● **Instructions for the task**:
A word-for-word copy of the data is what's wanted, with no pictures.

+++ Data supplied +++

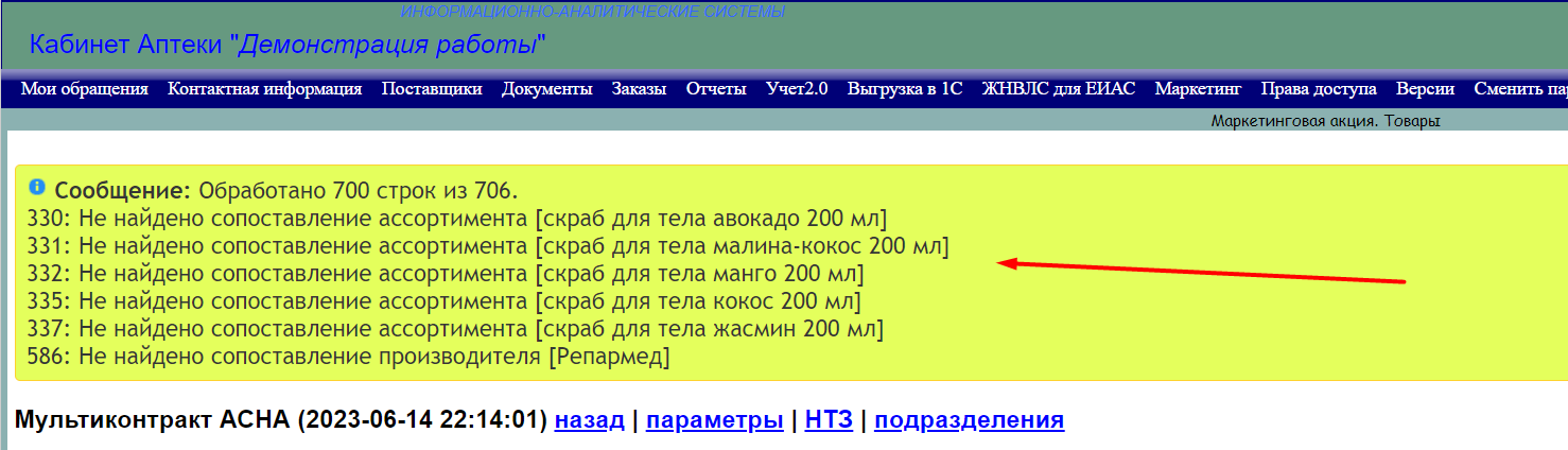 Для сопоставления загружаемых наименований в файле ФармЭксперт использует коды поставщика из соответствующей колонки, а также проверяет возможность сопоставления по наименованию. О строках файла, сопоставление по которым не удалось найти, сайт сообщит вам. И их нужно будет внести в акцию вручную;
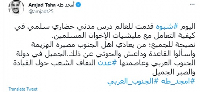 وقال في تغريدة عبر "تويتر" رصدها "المشهد العربي": "اليوم شبوة قدمت للعالم درس مدني حضاري سلمي في كيفية التعامل مع مليشيات الإخوان المسلمين".
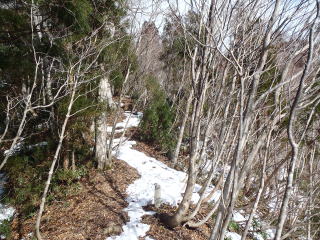 | 40分ほど登るとようやく雪道になった。ヤレヤレ。 | |
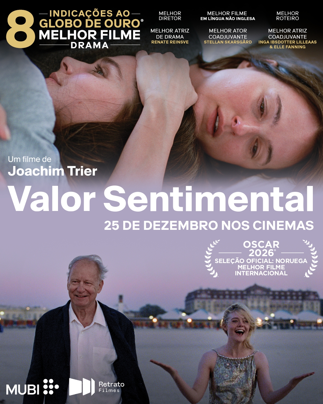 O novo filme de Joachim Trier é uma das grandes apostas para a cerimônia, reunindo oito nomeações nas principais categorias, incluindo Melhor Filme de Drama. Stellan Skarsgård é um dos favoritos na disputa por Melhor Ator Coadjuvante. Desempenhando um papel central na trama, sua performance foi muito elogiada pela crítica e se consolida como um dos favoritos na disputa ao prêmio. Além disso, a produção também concorre a Melhor Direção para Joachim Trier, Melhor Atriz de Drama para Renate Reinsve, Melhor Atriz Coadjuvante para Elle Fanning e Inga Ibsdotter Lilleaas, Melhor Roteiro e Melhor Filme em Língua Não Inglesa.
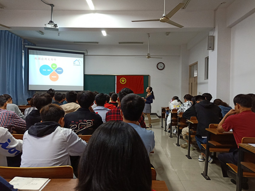 主题教育中,郑旭老师首先以新中国成立70周年引出青年大学生对“中国梦”、“科大梦”、“土建梦”的思考与追求,提醒大家理想信念的追求需要练就真本领,作为土建学子不仅要学习专业知识和技能,还要注重培养人文素质,加强文字表达能力,提升写作素养,才能成长为高素质创新型人才。接着,郑旭老师从校园新闻写作和应用文写作两方面进行详细讲解,她介绍了新闻稿的基本组成结构和不同类别新闻稿的写作要求,并为同学们讲解了常用的校园应用文写作格式及注意事项,强调在写作中要用语准确、逻辑严谨、结构完整。
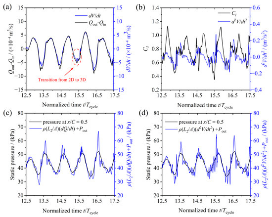 One-dimensional analysis results: (a) comparison of the flow rate difference and the first derivative of the V, (b) comparison of the calculated lift coefficient and the second derivative of the V, (c) pressure fluctuations in the unsteady Bernoulli equation, and (d) comparison of the numerical pressure fluctuations and the one-dimensional model.
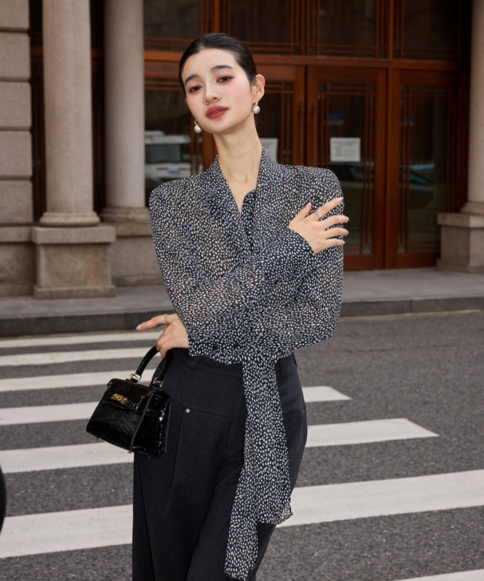 モノトーン調なのに、シアー素材で軽やかな素材のおかげでヘルシーで優しい印象で着用のできるリボンタイブラウス。【シアー×ドット×リボン×ブラウス】という4つのトレンド要素が詰まっているので、まさにトレンディーなアイテムと言えます。レイヤードスタイルにももってこいで着回し力抜群です。
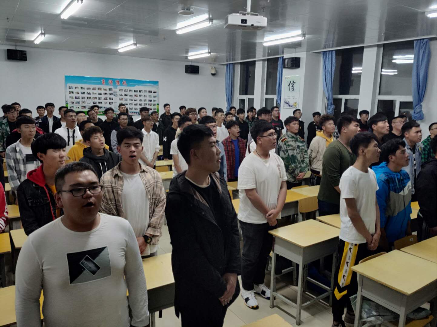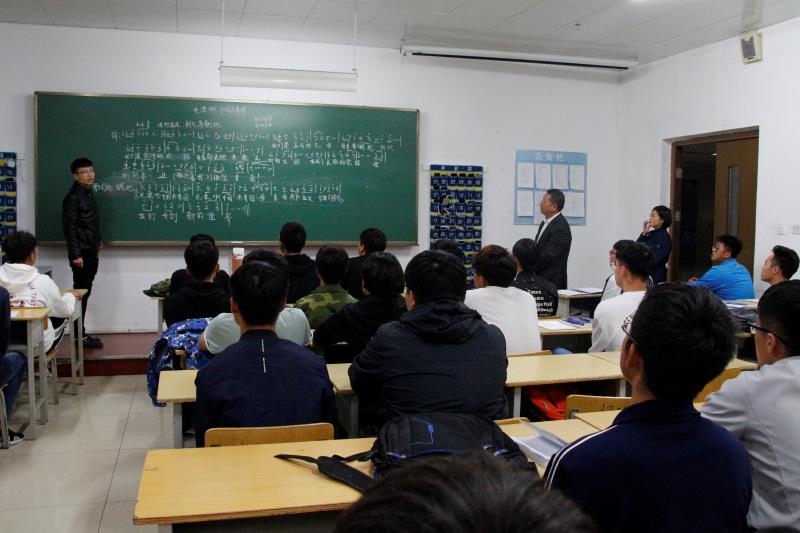 嘹亮的歌声是青年人拼搏的号角,坚定的目光是团员们精神的体现。现场,由各班团支书讲解团歌的创作背景和历史,并带领同学们学唱团歌。当晚,学院党委副书记徐彤宝、学生处处长刘树全、副处长张鑫、副处长刘佳佳、学院团委书记于威和陈思老师深入基层巡查晚自习情况,对分院的此次团日活动予以了充分的肯定。
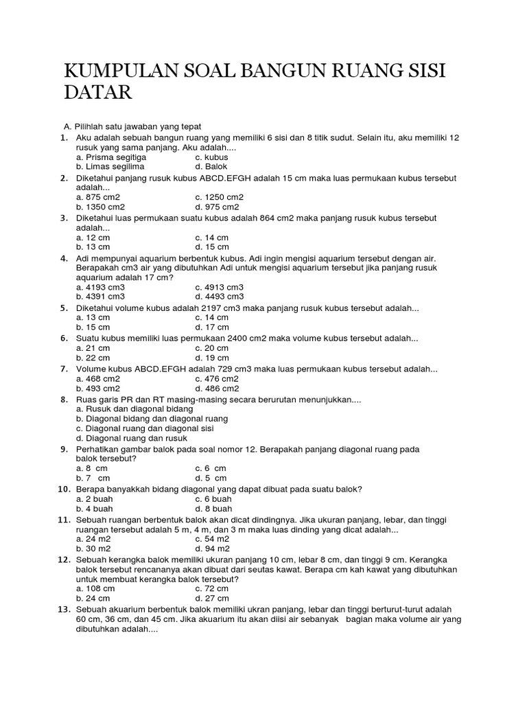 Soal bangun ruang datar.doc. Yuk ketahui mengenai bangun ruang dalam materi Belajar dari Rumah di TVRI. Download with Google Download with Facebook. BERILAH TANDA SILANG X PADA HURUF A B C ATAU D PADA JAWABAN YANG BENAR.
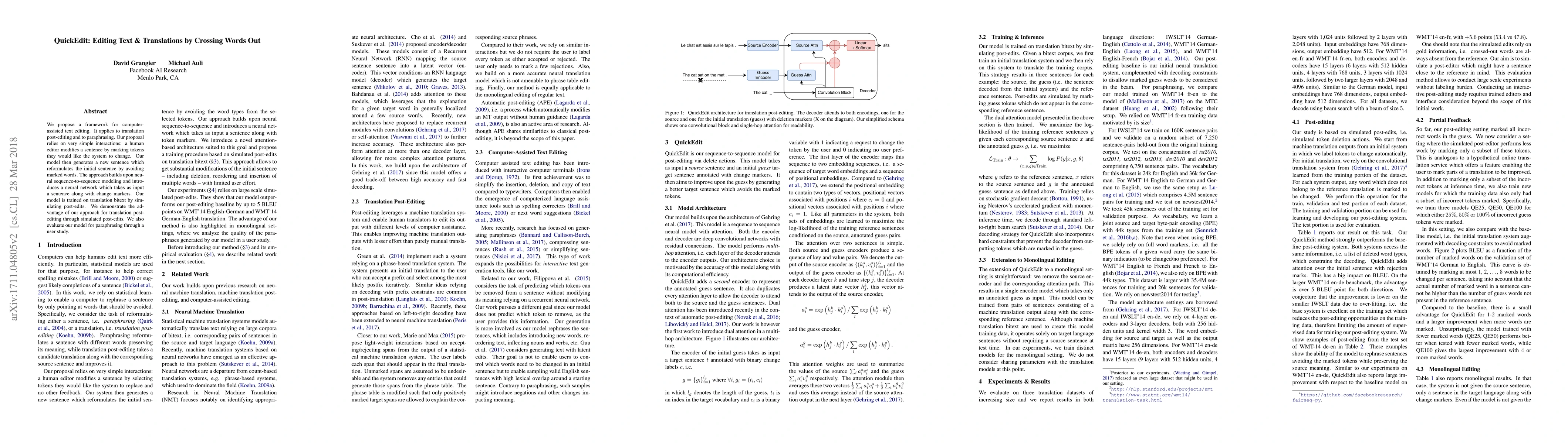 We propose a framework for computer-assisted text editing. It applies to translation post-editing and to paraphrasing. Our proposal relies on very simple interactions: a human editor modifies a sentence by marking tokens they would like the system to change. Our model then generates a new sentence which reformulates the initial sentence by avoiding marked words. The approach builds upon neural sequence-to-sequence modeling and introduces a neural network which takes as input a sentence along with change markers. Our model is trained on translation bitext by simulating post-edits. We demonstrate the advantage of our approach for translation post-editing through simulated post-edits. We also evaluate our model for paraphrasing through a user study.
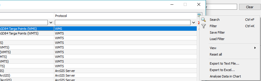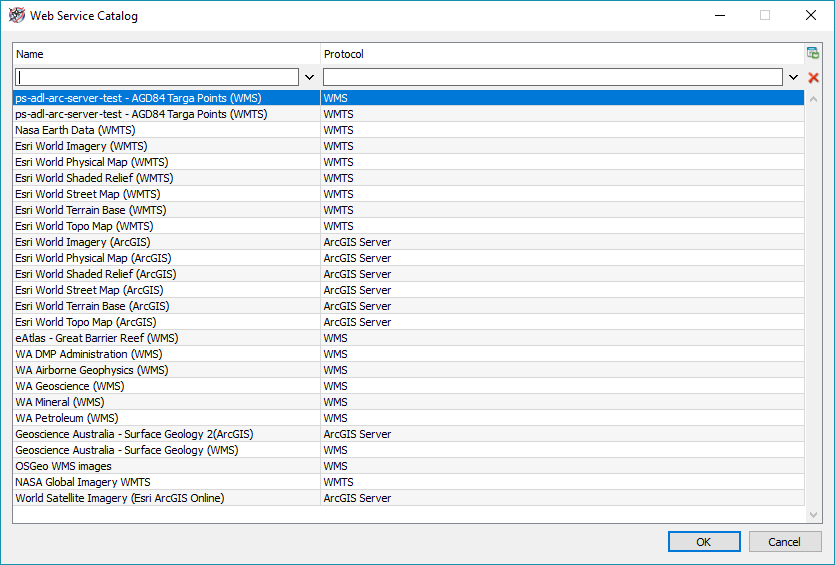 Tip: as in any other list in Petrosys, you can use the search/filter options to help locate the right service by name or protocol. This can be handy once your catalog gets large based on many stored services.

+++

● **Problem solution**:
 Для сопоставления загружаемых наименований в файле ФармЭксперт использует коды поставщика из соответствующей колонки, а также проверяет возможность сопоставления по наименованию. О строках файла, сопоставление по которым не удалось найти, сайт сообщит вам. И их нужно будет внести в акцию вручную;
 وقال في تغريدة عبر "تويتر" رصدها "المشهد العربي": "اليوم شبوة قدمت للعالم درس مدني حضاري سلمي في كيفية التعامل مع مليشيات الإخوان المسلمين".
 | 40分ほど登るとようやく雪道になった。ヤレヤレ。 | |
 O novo filme de Joachim Trier é uma das grandes apostas para a cerimônia, reunindo oito nomeações nas principais categorias, incluindo Melhor Filme de Drama. Stellan Skarsgård é um dos favoritos na disputa por Melhor Ator Coadjuvante. Desempenhando um papel central na trama, sua performance foi muito elogiada pela crítica e se consolida como um dos favoritos na disputa ao prêmio. Além disso, a produção também concorre a Melhor Direção para Joachim Trier, Melhor Atriz de Drama para Renate Reinsve, Melhor Atriz Coadjuvante para Elle Fanning e Inga Ibsdotter Lilleaas, Melhor Roteiro e Melhor Filme em Língua Não Inglesa.
 主题教育中,郑旭老师首先以新中国成立70周年引出青年大学生对“中国梦”、“科大梦”、“土建梦”的思考与追求,提醒大家理想信念的追求需要练就真本领,作为土建学子不仅要学习专业知识和技能,还要注重培养人文素质,加强文字表达能力,提升写作素养,才能成长为高素质创新型人才。接着,郑旭老师从校园新闻写作和应用文写作两方面进行详细讲解,她介绍了新闻稿的基本组成结构和不同类别新闻稿的写作要求,并为同学们讲解了常用的校园应用文写作格式及注意事项,强调在写作中要用语准确、逻辑严谨、结构完整。
 One-dimensional analysis results: (a) comparison of the flow rate difference and the first derivative of the V, (b) comparison of the calculated lift coefficient and the second derivative of the V, (c) pressure fluctuations in the unsteady Bernoulli equation, and (d) comparison of the numerical pressure fluctuations and the one-dimensional model.
 モノトーン調なのに、シアー素材で軽やかな素材のおかげでヘルシーで優しい印象で着用のできるリボンタイブラウス。【シアー×ドット×リボン×ブラウス】という4つのトレンド要素が詰まっているので、まさにトレンディーなアイテムと言えます。レイヤードスタイルにももってこいで着回し力抜群です。
 嘹亮的歌声是青年人拼搏的号角,坚定的目光是团员们精神的体现。现场,由各班团支书讲解团歌的创作背景和历史,并带领同学们学唱团歌。当晚,学院党委副书记徐彤宝、学生处处长刘树全、副处长张鑫、副处长刘佳佳、学院团委书记于威和陈思老师深入基层巡查晚自习情况,对分院的此次团日活动予以了充分的肯定。
 Soal bangun ruang datar.doc. Yuk ketahui mengenai bangun ruang dalam materi Belajar dari Rumah di TVRI. Download with Google Download with Facebook. BERILAH TANDA SILANG X PADA HURUF A B C ATAU D PADA JAWABAN YANG BENAR.
 We propose a framework for computer-assisted text editing. It applies to translation post-editing and to paraphrasing. Our proposal relies on very simple interactions: a human editor modifies a sentence by marking tokens they would like the system to change. Our model then generates a new sentence which reformulates the initial sentence by avoiding marked words. The approach builds upon neural sequence-to-sequence modeling and introduces a neural network which takes as input a sentence along with change markers. Our model is trained on translation bitext by simulating post-edits. We demonstrate the advantage of our approach for translation post-editing through simulated post-edits. We also evaluate our model for paraphrasing through a user study.
 Tip: as in any other list in Petrosys, you can use the search/filter options to help locate the right service by name or protocol. This can be handy once your catalog gets large based on many stored services.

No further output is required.